(THE TASK) All entries must be repeated exactly. No picture should appear in the result.

+++ INFORMATION

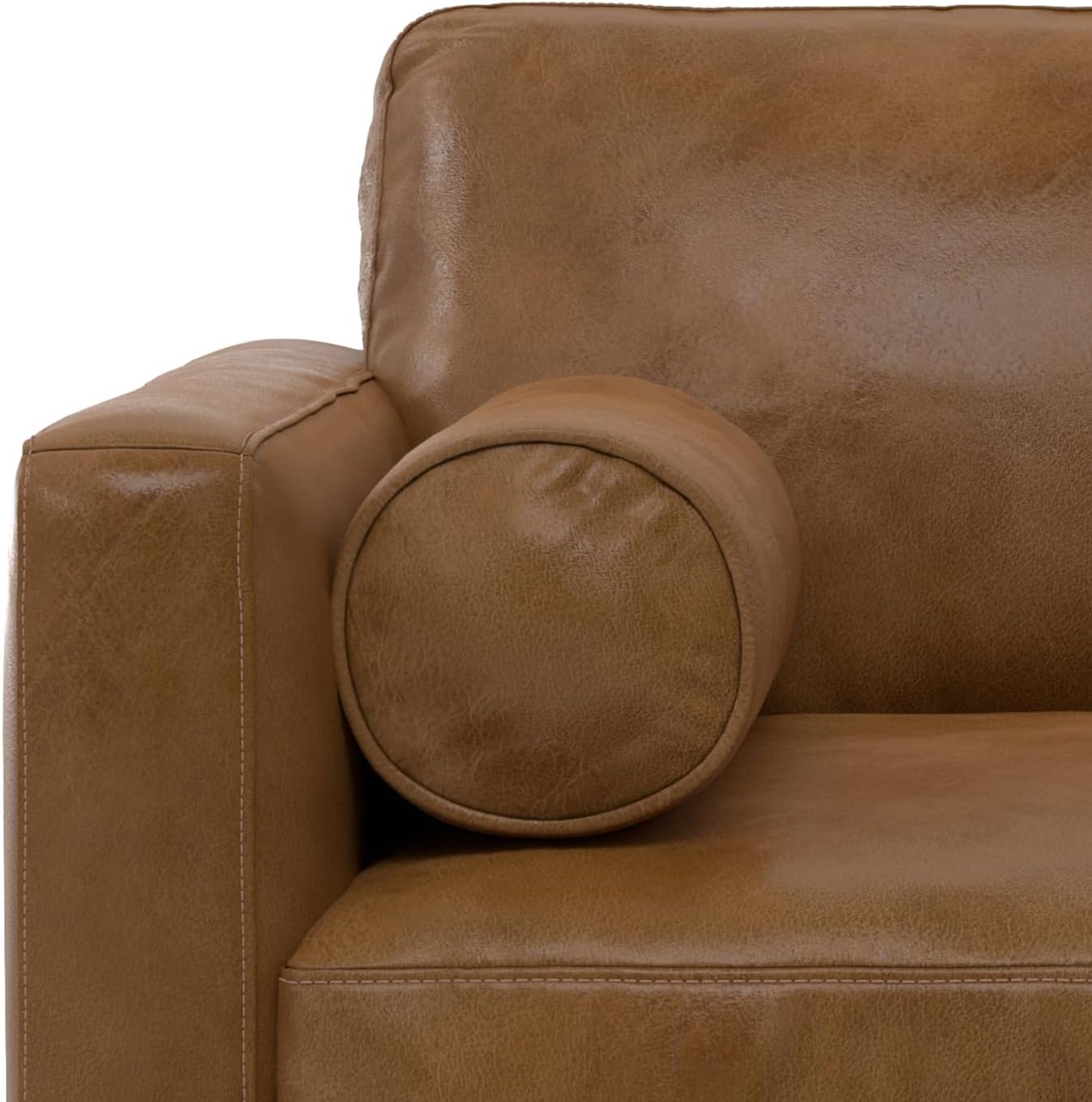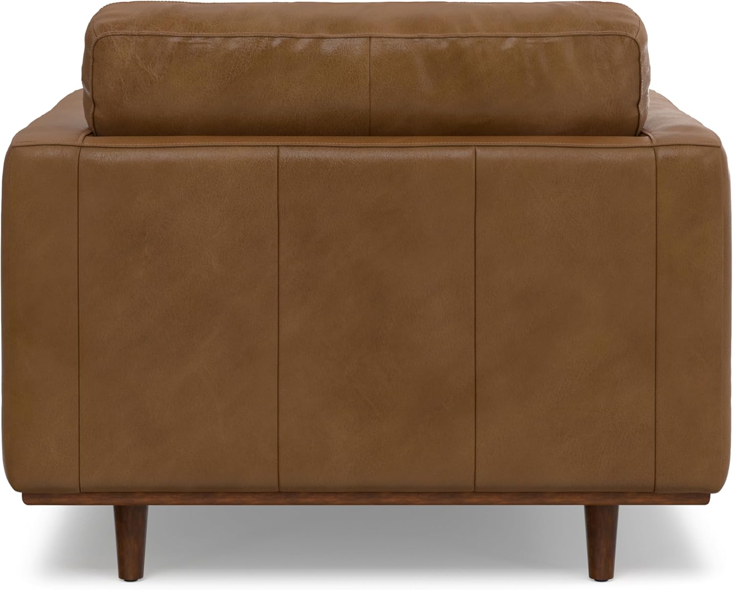 Bring timeless mid-century style and comfort into your home with the Morrison Leather Arm Chair. Measuring 42 inches wide and 34 inches high, this handcrafted accent chair is upholstered in sustainable semi-aniline Kind Leather that delivers luxurious softness and durability. The single seat cushion features a high-density foam core wrapped in feathers for lasting comfort, while the slightly reclined back and bolster pillows offer a cozy spot to unwind. Built on a kiln-dried solid and engineered wood frame with corner-blocked joinery, webbing, and sinuous springs, this compact yet supportive armchair is designed for residential or commercial use. Solid wood legs and adjustable levelers provide stylish stability, making this versatile chair ideal for living rooms, bedrooms, or reading nooks.
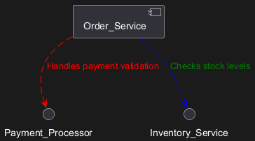 Order_Service --> Payment_Processor <<critical>> : Handles payment validation
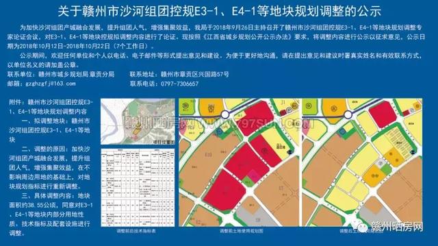 赣州晒房网讯 小编获悉,为加快沙河组团产城融合发展,提升组团人气,增强集聚效益,赣州市沙河组团控规E3-1、E4-1等地块将进行规划调整,目前项目调整内容正在进行公示,公示日期为2018年10月12日-2018 年10月22日(七个工作日)。
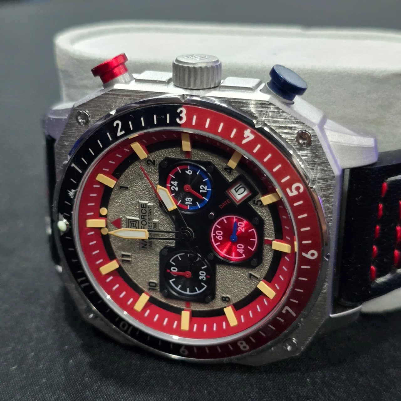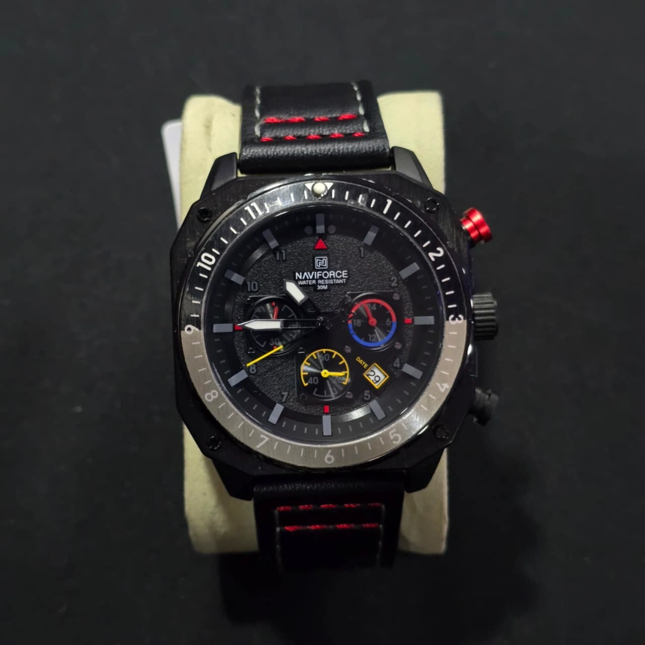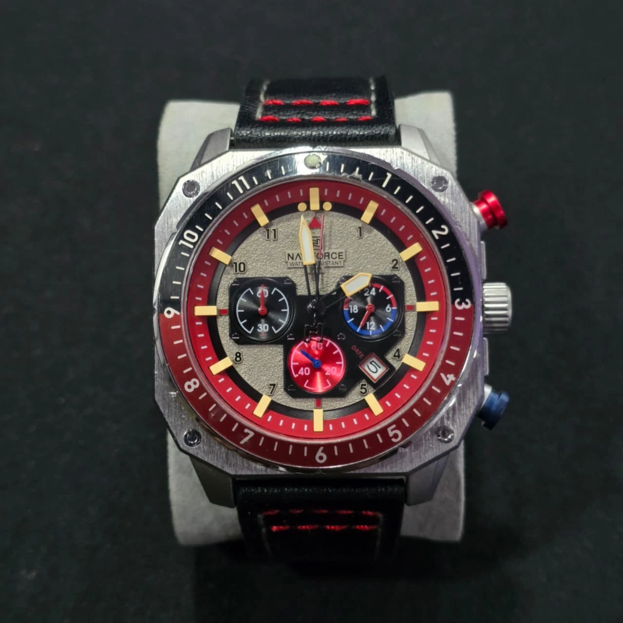 Materials: It is typically paired with a genuine leather strap featuring red contrast stitching and a hardened mineral glass dial window.
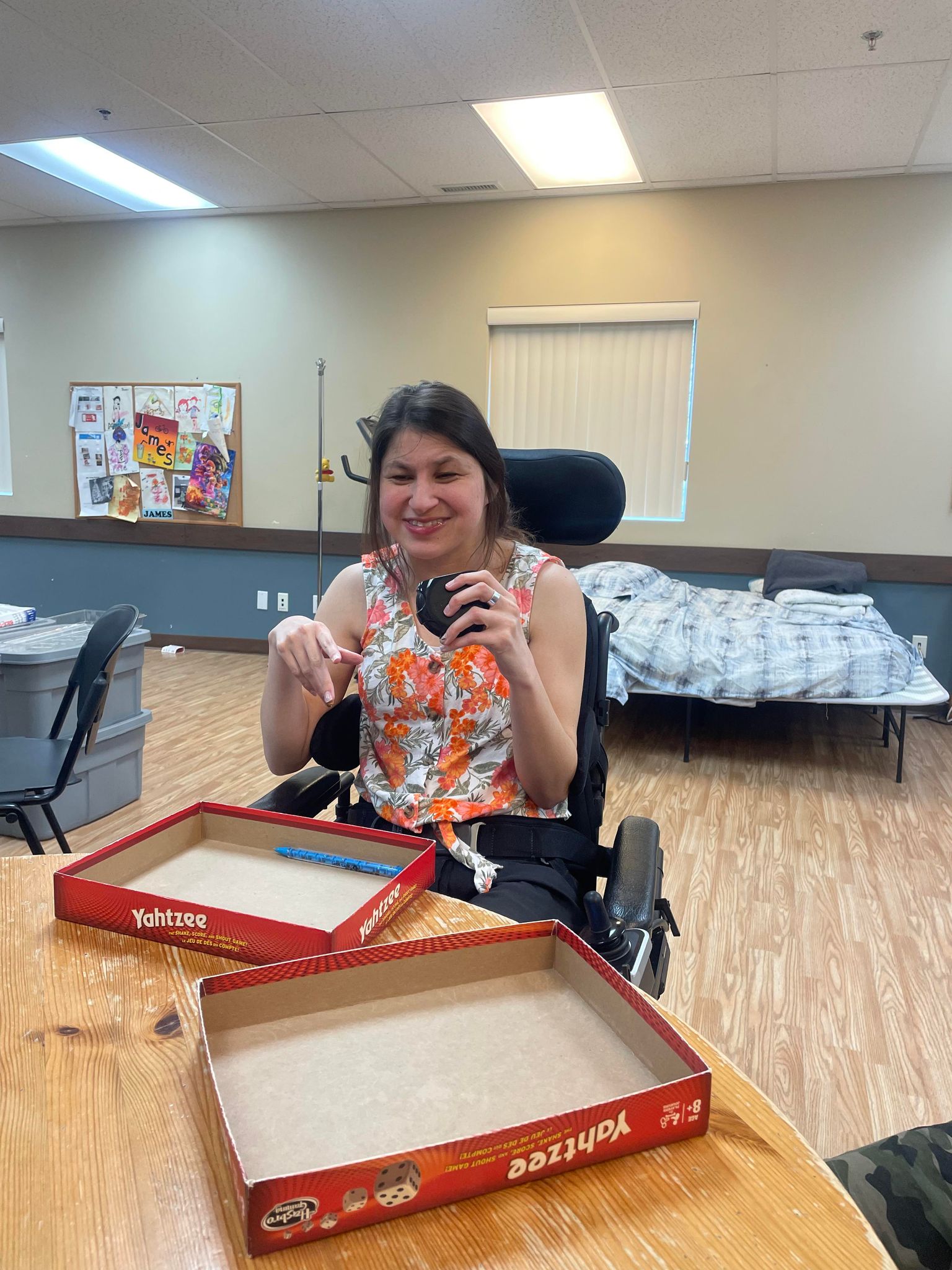 played a game of Yahtzee. Some people were playing Camrose Monopoly board game,
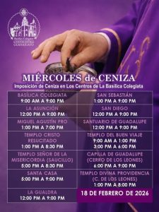 También se colocará la ceniza en el Oratorio de San Felipe Neri, Los Hospitales, San José, San Roque, Belén, Pardo, Cata, y en las colonias y fraccionamientos de la ciudad.

++++++

(YOUR SOLUTION)
 Bring timeless mid-century style and comfort into your home with the Morrison Leather Arm Chair. Measuring 42 inches wide and 34 inches high, this handcrafted accent chair is upholstered in sustainable semi-aniline Kind Leather that delivers luxurious softness and durability. The single seat cushion features a high-density foam core wrapped in feathers for lasting comfort, while the slightly reclined back and bolster pillows offer a cozy spot to unwind. Built on a kiln-dried solid and engineered wood frame with corner-blocked joinery, webbing, and sinuous springs, this compact yet supportive armchair is designed for residential or commercial use. Solid wood legs and adjustable levelers provide stylish stability, making this versatile chair ideal for living rooms, bedrooms, or reading nooks.
 Order_Service --> Payment_Processor <<critical>> : Handles payment validation
 赣州晒房网讯 小编获悉,为加快沙河组团产城融合发展,提升组团人气,增强集聚效益,赣州市沙河组团控规E3-1、E4-1等地块将进行规划调整,目前项目调整内容正在进行公示,公示日期为2018年10月12日-2018 年10月22日(七个工作日)。
 Materials: It is typically paired with a genuine leather strap featuring red contrast stitching and a hardened mineral glass dial window.
 played a game of Yahtzee. Some people were playing Camrose Monopoly board game,
 También se colocará la ceniza en el Oratorio de San Felipe Neri, Los Hospitales, San José, San Roque, Belén, Pardo, Cata, y en las colonias y fraccionamientos de la ciudad.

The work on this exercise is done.